Wednesday, October 1, 2014

Everyone Else is Writing about Outlander, And I Want To, Too

You were supposed to get a well-researched post on Redfern Ltd. this week, but I've read several posts on Outlander lately and I want to add my two cents.

To be perfectly honest, my initial impression was (and is, for each new outfit), "hmm, I see where they were going; I wonder if they know about [construction thing]? [Aspect] makes it very costumey." Overall I would like to see more winged cuffs and caps, but I'm very happy with the materials used, Annette Badland's tying-over-the-kerchief brown gown, and Claire's 1940s wardrobe.

One thing that is really bothering me, though, in this dialogue - and how wonderful is it that in this day and age, film designers, fans, and recreationists can now communicate with each other directly? - is the idea that discussing issues of dubious accuracy is insulting the designer or saying that the costumes are terrible because they're inaccurate. I can appreciate the handwork put into the wedding robe de cour, even while I believe that a robe à la française would have been a better choice of dress.

I feel very comfortable asserting that we all understand that television is not the same as a reenactment, that the number of garments that have to be turned out in a short time means machine-friendly methods have to be used, and that the people who get the final say on costuming decisions are mostly not people with any experience on the subject.

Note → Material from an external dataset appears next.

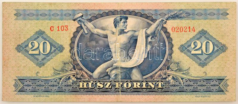 1960. 20Ft "C 103 020214" T:F / Hungary 1960. 20Ft "C 1... https://www.darabanth.com/hu/41-Nagyaukcio/41.1/Numizmatika/Magyar-bankjegyek~16829/1960-20Ft-C-103-020214-TF-Hungary-1960-20Ft-C-103-020214-CF-Adamo-F12-Krause-P23169~II2991518

Right? It's common sense, and I think we're all on the same page.

As I've previously discussed regarding The Great Gatsby and Pride & Prejudice, and as Lauren discussed regarding Outlander, there's a lot of room to talk about costumes that aren't 100% accurate in terms of their inspiration, what they're saying about the characters, and why the changes from the accurate were made. But you can be interested in all of these things and accept the prior paragraph, and still want to talk about what wasn't quite right. For one thing, it can be fun to test yourself on how much you know, what you pick up on - sometimes you notice things that you didn't realize you knew, just by analyzing what it is that's bothering you about an outfit. (This is how I tell if a museum garment is an antique reproduction or has been messed with. What's off? Why do I have a weird feeling? Ah, there's something wrong about the closure/the fabric/the trim.) For another, it's a way to vent and get over the annoyance.

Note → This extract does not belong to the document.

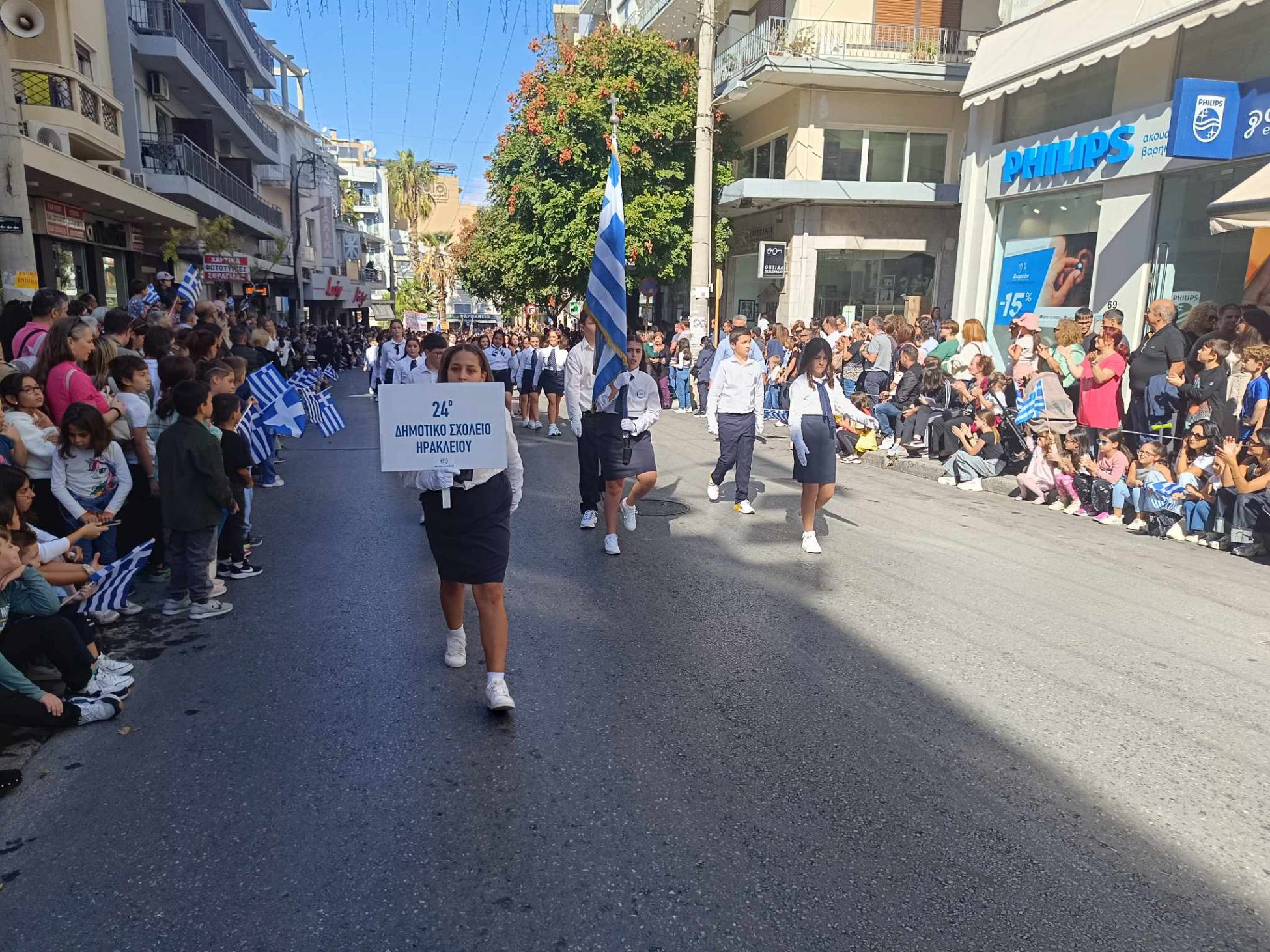 Πλήθος κόσμου βρέθηκε από νωρίς το πρωί στο κέντρο του Ηρακλείου, προκειμένου να παρακολουθήσει την μαθητική και στρατιωτική παρέλαση της 28ης Οκτωβρίου, με σύμμαχο τον εξαιρετικό καιρό που επικρατεί.

Claire likes a drink. And laced-on sleeves.
But see, here's the rub: Rowenna makes a good point - it's not right to imply that the clothing that makes it on the screen is entirely the result of research if you know there are other factors involved and you know it's not totally accurate. The discussion around Outlander has been influenced to an extent by a now-deleted post on the designer's blog (viewable through the Wayback Machine) which contained various incorrect statements - that women only bathed once a year, that it takes 20 minutes to lace up stays, the dreaded bodice - presented as fact. It's natural and understandable for people who study history to be annoyed when a professional presents myths as facts to an audience willing to believe them. When questioned, Ms. Dresbach started out dismissing the critics and eventually fell back on "I have 25 years of experience, I know what I'm doing."
Sidebar: I wasn't involved in this, but I've had the "decades of experience" card played on me in online discussions - and I just want to put out a plea to everyone everywhere to avoid this defense even when it seems totally appropriate to the situation. Either your data stands up to scrutiny because you have a good citation for it, or it does not. I could have spent five years researching 18th century French dress in detail, and still have a newcomer stumble across a primary source reference to something rarely mentioned that turns some of my statements upside down. Someone else could present a belief about Regency dress based on years of looking at fashion plates that my patterning would overturn.
I'm concerned about the way this has been represented in the comments to Lauren's post - this isn't a case of reenactors being too picky about what appears on the screen and being hostile to a costumer because of it. The issue runs deeper than that, and it has to do in part with a widespread perception that reenactors/historians are unable to deal with anything less than 100% accuracy without being mean - which means that of course someone who self-defines that way will have a shallow opinion of film costuming ("it's not totally right, so I hate it") and has no business getting involved in a discussion about it.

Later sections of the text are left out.